Accelerating Eulerian Fluid Simulation With Convolutional Networks

When asking those in the VFX industry which processes are the slowest and most compute-intensive fluid simulation is bound to be somewhere towards the top of the list. Physical phenomena such as fire and water are notoriously difficult to control, even in the hands of the most experienced artists, and usually require a significant number of expensive iterations before the final result can be achieved. Often multiple versions of a single simulation are run over night, each a slight variation on the last and each taking multiple hours on possibly multiple render farm machines, with the expectation that one of them is either acceptable or a good starting point for subsequent iteration.

Refining a single shot can take weeks of artist time and hundreds or thousands of hours of CPU time. Deep learning techniques have the potential to break that workflow and allow for near-interactive manipulation of the most challenging effects.
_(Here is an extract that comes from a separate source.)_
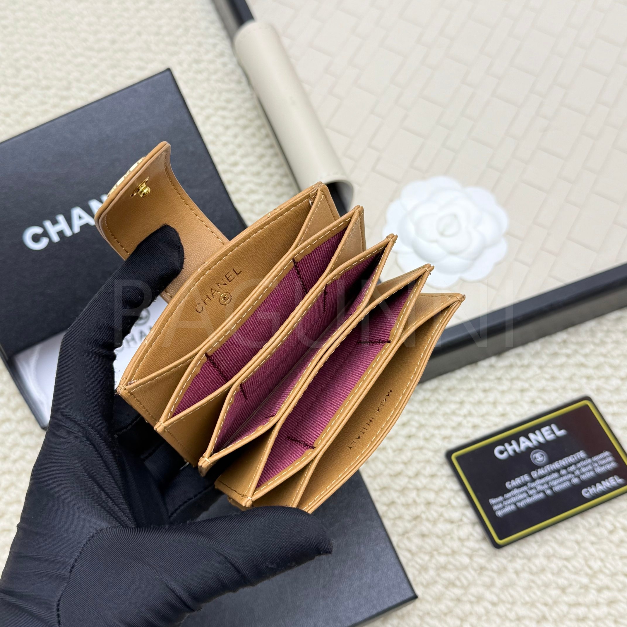 엠보싱 레더의 질감이 돋보이는 샤넬 클래식 플랩 카드지갑입니다.

Efficient simulation of the Navier-Stokes equations for fluid flow is a long standing problem in applied mathematics, for which state-of-the-art methods require large compute resources. In this work, we propose a data-driven approach that leverages the approximation power of deep-learning with the precision of standard solvers to obtain fast and highly realistic simulations. Our method solves the incompressible Euler equations using the standard operator splitting method, in which a large sparse linear system with many free parameters must be solved. We use a Convolutional Network with a highly tailored architecture, trained using a novel unsupervised learning framework to solve the linear system. We present real-time 2D and 3D simulations that outperform recently proposed data-driven methods; the obtained results are realistic and show good generalization properties.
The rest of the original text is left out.